The Islamist groups that launched Fajr Libya say its aims are to correct the path of the revolution and establish a stable, secure state. They say rebels who toppled Muammar Qaddafi have joined their operation to purge Libya of tribal and local armed factions, adding that it is not against any particular tribe or area.

The operation’s implicit aims are mainly:

• Defend the military presence of Islamist groups linked to the Muslim Brotherhood and jihadist movements in the east and their allies in Misrata.

• Obstruct the civil movement’s success in the last legislative elections in order to restore the General National Congress, which they consider the “only legitimate body.”

• Bolster political Islam in the region. Libya is Islamists’ last haven for political and military activity, after Brotherhood rule collapsed in Egypt and the Ennahda party handed over power in Tunisia.

The operation includes several Islamist armed factions. Apart from the Brotherhood, they include:

• The Libyan Shield Militia, affiliated with Misrata and close to the Brotherhood. Although it says its forces are linked to the Defense Ministry, its leaders do not belong to the official military institution. It is present in Misrata, Benghazi, Khoms and Tripoli.

• The Libya Revolutionaries Operations Room, considered a strong supporter of the Brotherhood as the latter has used it in its political disputes with its rivals. An example is its abduction of former premier Ali Zeidan in 2013.

• The Tripoli Brigade, close to Abdul Hakim Belhaj, head of Al-Watan party. It is mainly active in Tripoli and western Libya.

Islamist militia launched an operation in Benghazi to confront Haftar’s forces. The Shura Council of Benghazi Revolutionaries was thus formed on June 20, 2014. It includes:

• The February 17 Battalion, the biggest brigade affiliated with the Brotherhood. It is centered in Benghazi, and receives financial support from official parties.

• The Rafallah Sahati Brigade, centered in Benghazi. Although it had announced that it was joining the Libyan army, it has kept its arms and camps.

• Ansar al-Sharia, the biggest armed jihadist group in Libya. It includes Libyans and thousands of foreign fighters from Tunisia, Algeria and other African countries. It is blacklisted by the United States as a terrorist group.

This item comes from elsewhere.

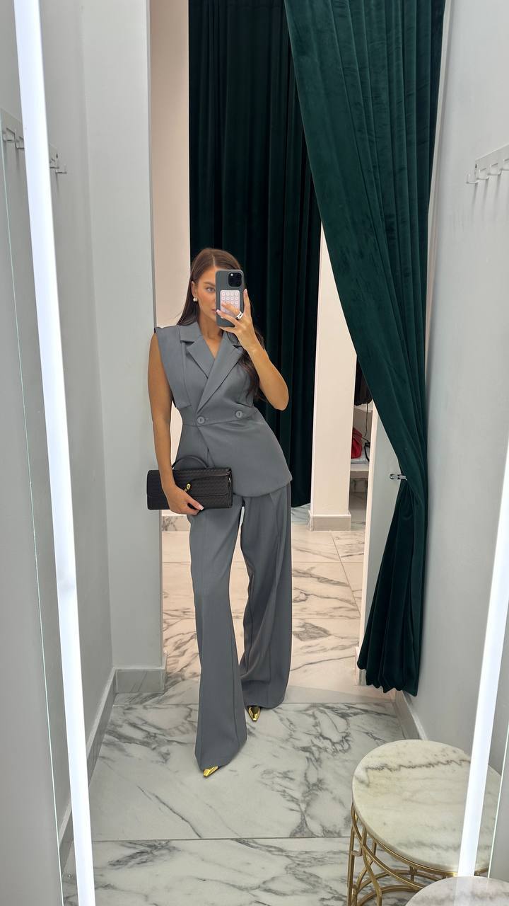 Костюм Безрукавый жилет с запахом+прямые брюки графит

• Libya Shield 1, a militia close to the Brotherhood. It is centered in Benghazi, and recently allied with Ansar al-Sharia.
Opposing forces

• The Sawaq Brigade, led by Imad Mustafa al-Tarabulsi is considered one of the strongest factions in Libya.

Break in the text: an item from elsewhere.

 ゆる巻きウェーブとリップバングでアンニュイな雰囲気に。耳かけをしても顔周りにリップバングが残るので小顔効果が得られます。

• The Qaaqaa Brigade, formed by rebels in Zintan in 2011 following battles with Qaddafi’s forces before he was toppled. It is commanded by Othman Milaiqtah.

• Forces of Operation Dignity, led by Haftar. It recently led airstrikes against posts occupied by Fajr Libya forces and their allies in Tripoli.

• The Rishvana Brigade, affiliated with the Rishvana tribe in support of Qaddafi’s regime. It is centered near Tripoli, and its aim is to protect the tribe from armed militias.

• The Tabu Brigade, present in the cities of Murzuk and Kufra.

On Aug. 23, 2014, Fajr Libya forces announced their seizure of Tripoli’s international airport following battles with fighters from the Zintan tribes and their allies. After the seizure, parliament declared Fajr Libya, Ansar al-Sharia and the Shura Council of Benghazi Revolutionaries as terrorist groups and outlaws.

Islamist parties’ progress in Tripoli necessitates action from regional powers - the Arab League, Egypt and Algeria - to save Libya from chaos. Developments on the ground show that the country is heading towards a Somalia-like scenario.

The use of Libya as a base for jihadist activity against neighboring countries also necessitates developing regional security and intelligence coordination.